Olefin-Based Synthetic-Drilling-Fluids Volumetric Behavior Under Downhole Conditions

Abstract

Summary Usual practice in drilling engineering is to determine drilling-fluid density at surface conditions assuming that drilling-fluid density does not change with changing downhole conditions. This assumption may result in inaccuracy while estimating static and dynamic pressures in the wellbore, especially when synthetic-based drilling fluids are used. Inaccurate estimation of the pressure profile in the annulus can lead to severe well problems such as kicks, drilling-fluid losses, and wellbore instability. In addition, inaccurate pressure-profile estimation can affect the success of managed-pressure-drilling (MPD) operations, which require real-time knowledge of wellbore pressures to keep wellbore pressure between formation pore and fracture pressures using a control choke placed on the return line of the annulus.
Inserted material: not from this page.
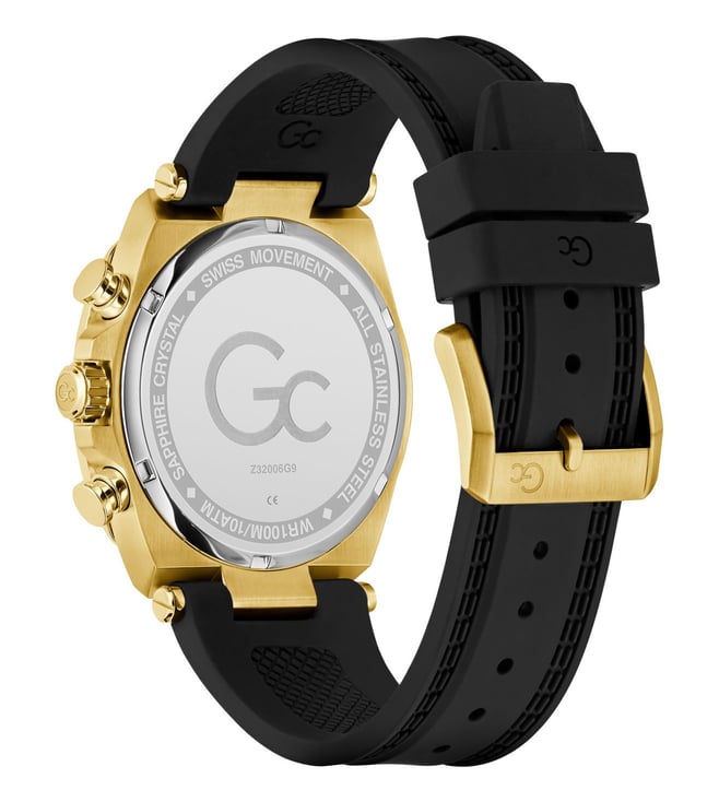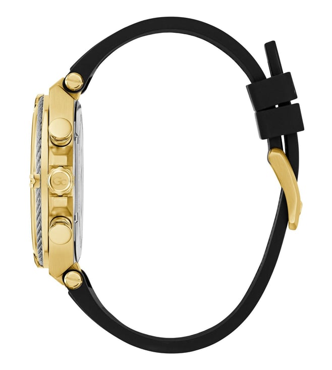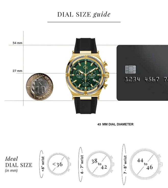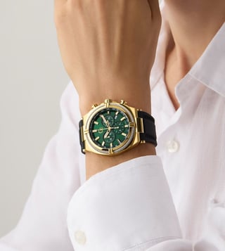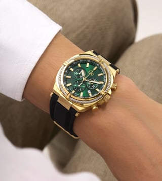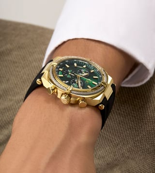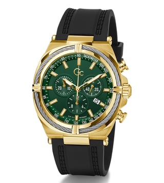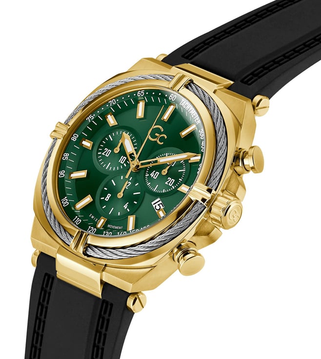 With its unique cable wire on top ring the Gc IronClass and its 43mm cushion case and chronograph movement shows a mix of coolness and sophistication. This yellow gold PVD with silver wire version hosts an emerald green dial and features an elegant black silicone strap.

Effects of pressure and temperature on volumetric behavior of two olefin-based synthetic oils are investigated in this study using a mercury-free pressure/volume/temperature (PVT) system. The olefin-based synthetic oils used in this study are C16C18 internal olefin (IO) and C12C14 linear alpha olefin (LAO). To simulate deep offshore situations, the temperature is ranged between 25 and 175°C, while the pressure is ranged between 0 and 14,000 psig. In addition, volumetric performances of olefin-based synthetic-oil systems under investigation are compared with those of water, brine solution, mineral oil, diesel oil, and n-paraffin-based oil under similar conditions. The study shows that the volumetric properties of synthetic-based oils are more sensitive to pressure and temperature conditions compared to water, brine solutions, mineral oil, and diesel oil. Once emulsion systems containing synthetic-based oils are used, density change with respect to downhole conditions should be modeled to increase the reliability of pressure-profile calculations.